A study issued by Visa International seems to show a striking difference from earlier periods. In 1991 nearly half the bankruptcies were attributed to “job problems.” Now 15 percent are attributed to “unemployment” while 29 percent are filers who are “overextended.” Irresponsible Americans again! Lawyer Alan A. Aaron of Midland, Texas, describes the vast majority of recent personal bankruptcies as “a husband and wife working where everything seems to be going the right way, except they have more money going out than coming in.” Mr. Micawber, call your office! Other observers have a different view. “Downsizing is the current theme here,” says Jonathan Kohn of Newark. Ms. Jeannie Seeliger of Jersey City told the Times, “We have people who have lost jobs in banking, on Wall Street, you name it, every field I can think of, and it has a ripple effect.”
The role of downsizing in the current bankruptcy crisis is disguised by the flexibility of the United States economy. A recent government study, reported in the Times on August 23, discovered 8.4 million people pushed out of their jobs involuntarily from 1993-1995. Most of them found new jobs, but only a third were paid their old salary or better. You and your wife are both working, a situation historically true of economically precarious times. One of you is downsized and has to take a job at a considerable cut in pay. There is no comparable cut in your continuing expenses, which may include a mortgage, and the cost of college or private school. For many families the choice is between a life reduced to the level of the Victorian shabby-genteel, or borrowing. Consumer debt is growing at the rate of nine percent, with a current total of $1.2 trillion, $350 billion of which is on credit cards. Visa International estimates that one out of every 100 households will declare bankruptcy this year, with a debt averaging 5.3 times its annual income, as opposed to 3.5 in 1988.
Government figures show unemployment at 5.1 percent, a seven-year low. According to the papers, this good news caused Wall Street to rebound from a serious drop on the day before the news was announced (September 6). Louis Rukeyser of PBS had a different version. The news of low unemployment was leaked on Thursday, September 5, and Wall Street, in fear of Alan Greenspan’s raising interest rates, sank some 50 points. When the full report was released the next day, careful readers could see that about a third of the new jobs were in government and so no sign of a healthy economy. (Much the same is true of the 10 million jobs the President keeps telling us he has created. His policies did have a role in creating many of them, but they are paid for with taxes, not vice versa) As a nation and as individuals, we owe far more than we can repay.
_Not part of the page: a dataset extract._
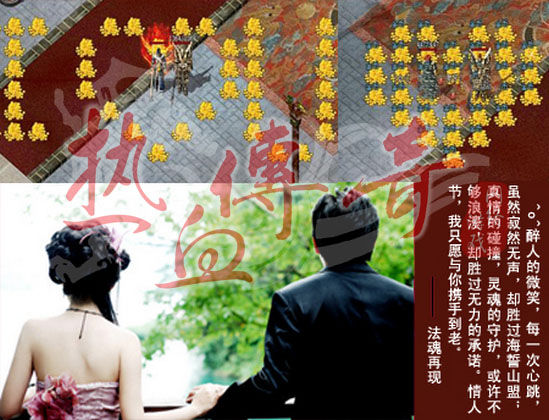 从在石墓认识你开始,我就知道,我的传奇之路,才刚刚开始.从我们一起练级开始,我就知道我们的缘分已经开始.从我们准备结婚开始,我就知道,我爱你的心将不再改变.从我们结婚以后,我们的爱似乎开始飞翔.

Is there a way out of this mess? Yes, but first we must face the fact that downsizing, the loss of good jobs overseas, is the result of our headlong plunge into the whirlpool of the global economy. Our first mission is to protect American jobs by protecting American farms and businesses. Economic historians Alfred E. Eckes, Jr., in Opening Americas Market (1995), and Paul Bairoch in Economics and World History: Myths and Paradoxes (1993), have shown that America’s rise to world economic hegemony and the spread within America of general prosperity occurred at times of high tariffs. Republican Presidents from Abraham Lincoln to Ronald Reagan have supported protectionism, while Democrats from Woodrow Wilson to Bill Clinton have opposed it. On this issue, as on most important ones, there is no substantial difference between Clinton and Dole. Under either man the United States faces a future of increased downsizing and consequent debt. Even a slight economic downturn will send our country spinning off into the nightmare of bankruptcy and unemployment that Mexico has been going through for the past two years. After that the inevitable scapegoating will begin, to be followed in short order by ethnic conflicts, exacerbated by religious and economic differences, that will make today’s Bosnia seem in retrospect a happy dream.